Closed jon-chuang closed 3 years ago
I could see the need for this too.
I was able to create a bootleg version of memory. I'm pickling the state and storing it by reference inside of an episode. I can then reconstruct the memory by selecting which memories. I have no idea if this idea will be tracked further by the RLLib team, though I'm an advocate for crafting your own solution.
Hi, I'm a bot from the Ray team :)
To help human contributors to focus on more relevant issues, I will automatically add the stale label to issues that have had no activity for more than 4 months.
If there is no further activity in the 14 days, the issue will be closed!
You can always ask for help on our discussion forum or Ray's public slack channel.

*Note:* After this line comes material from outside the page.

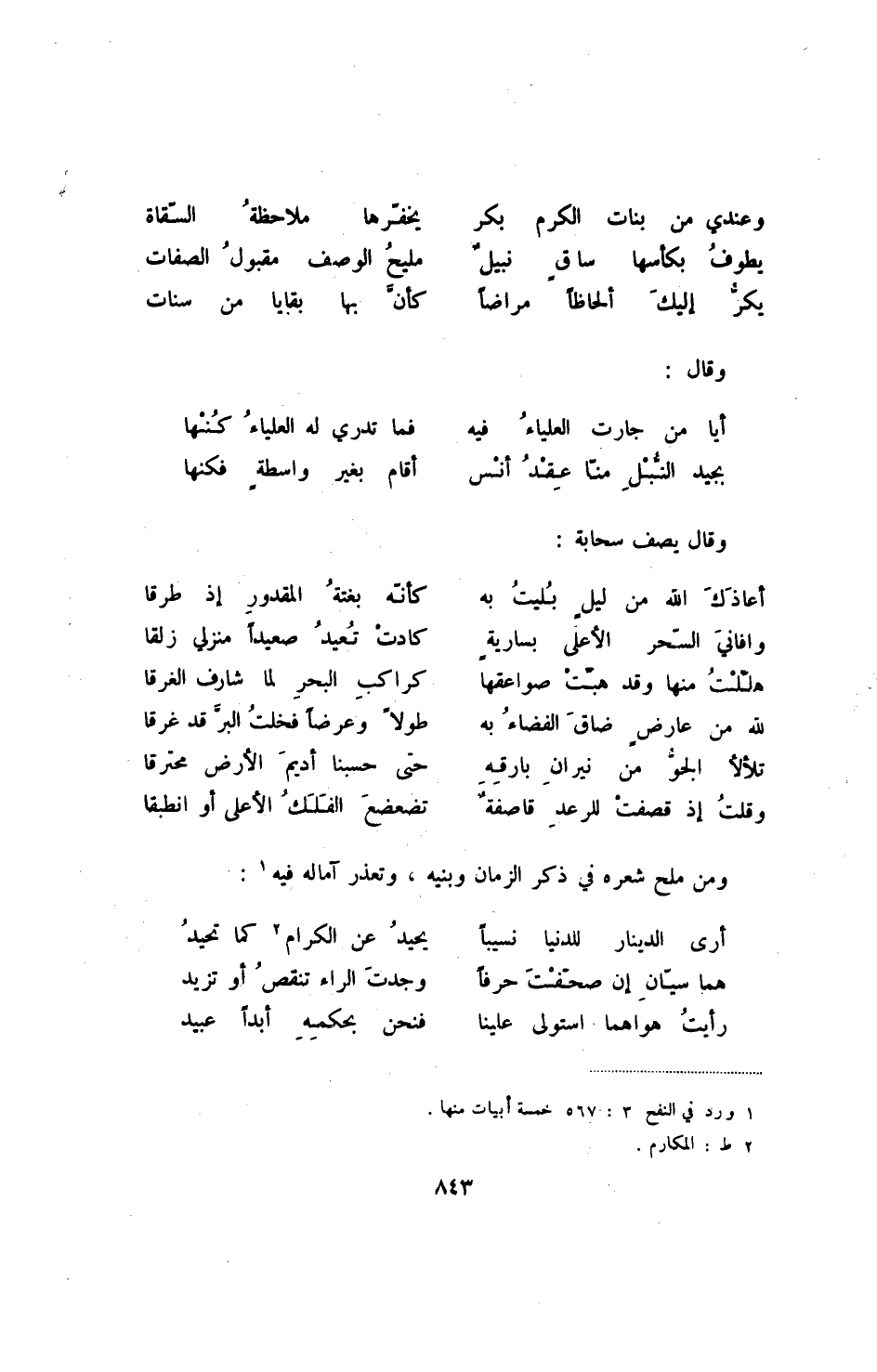 وقلت إذ قصفت للرعد قاصفة ... تضعضع الفلك الأعلى أو انطبقا ومن ملح شعره في ذكر الزمان وبنيه، وتعذر آماله فيه (1) :

Hi again! The issue will be closed because there has been no more activity in the 14 days since the last message.
Please feel free to reopen or open a new issue if you'd still like it to be addressed.
Again, you can always ask for help on our discussion forum or Ray's public slack channel.

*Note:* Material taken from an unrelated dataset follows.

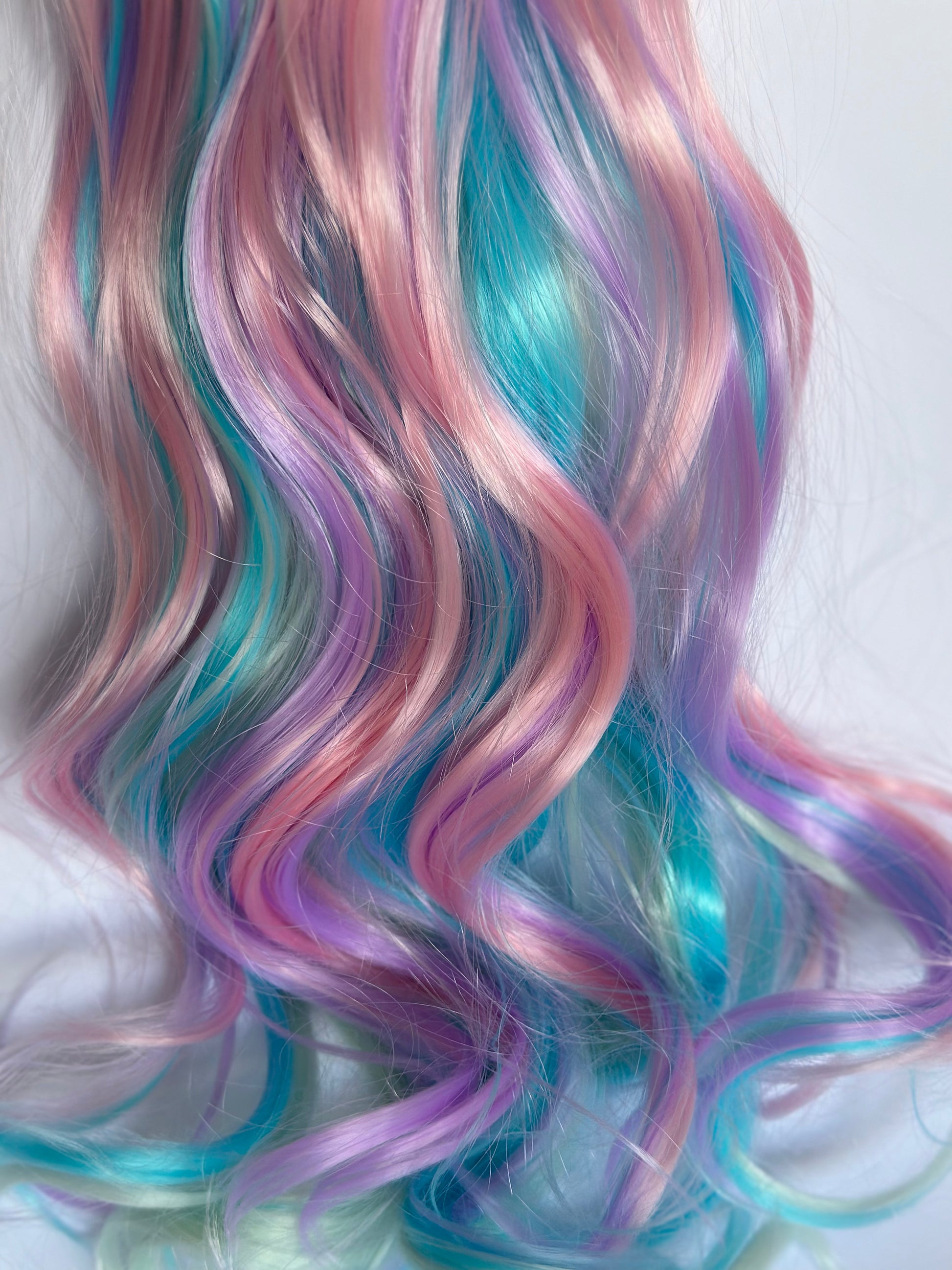A beautiful curly Ponytail streaked with all your favorite pastel tones, simply magical.

Thanks again for opening the issue!
We should add support for various memory modules: MERLIN - buffer of memory encodings through predictive coding and retroactive updating (https://arxiv.org/pdf/1803.10760.pdf) SPTM - topological memory (graph) of vision embeddings for optimal path planning and localisation (https://arxiv.org/pdf/1803.00653.pdf) Episodic curiosity through reachability (siamese network reachability metric) (https://arxiv.org/pdf/1810.02274.pdf) Relational Memory Core - fixed-sized buffer with a recurrent transformer forward pass (https://arxiv.org/pdf/1806.01822.pdf, https://arxiv.org/pdf/1806.01830.pdf) (Relation to Capsules, transformer-XL? Difference from RNN: Transformer architecture allows arbitrary buffer sizes, but hard to tell just how many it scales to from papers)

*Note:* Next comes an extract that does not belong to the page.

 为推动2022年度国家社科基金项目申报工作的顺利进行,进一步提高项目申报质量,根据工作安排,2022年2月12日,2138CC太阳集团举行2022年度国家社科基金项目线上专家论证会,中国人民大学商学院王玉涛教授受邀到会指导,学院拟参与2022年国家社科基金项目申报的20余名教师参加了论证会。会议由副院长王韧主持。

These are all Deepmind papers :) They seem to think that memory is a vital component in future agents. IMHO, I think we should too :)
Neural Map - cheats with ground truth agent position, though this can be approximated with dead reckoning/other SLAM techniques to correct for error. However, I prefer the topological memory approach, which circumvents this. (https://arxiv.org/pdf/1702.08360.pdf)
I would be interested to see comparisons of performance in various navigation environments.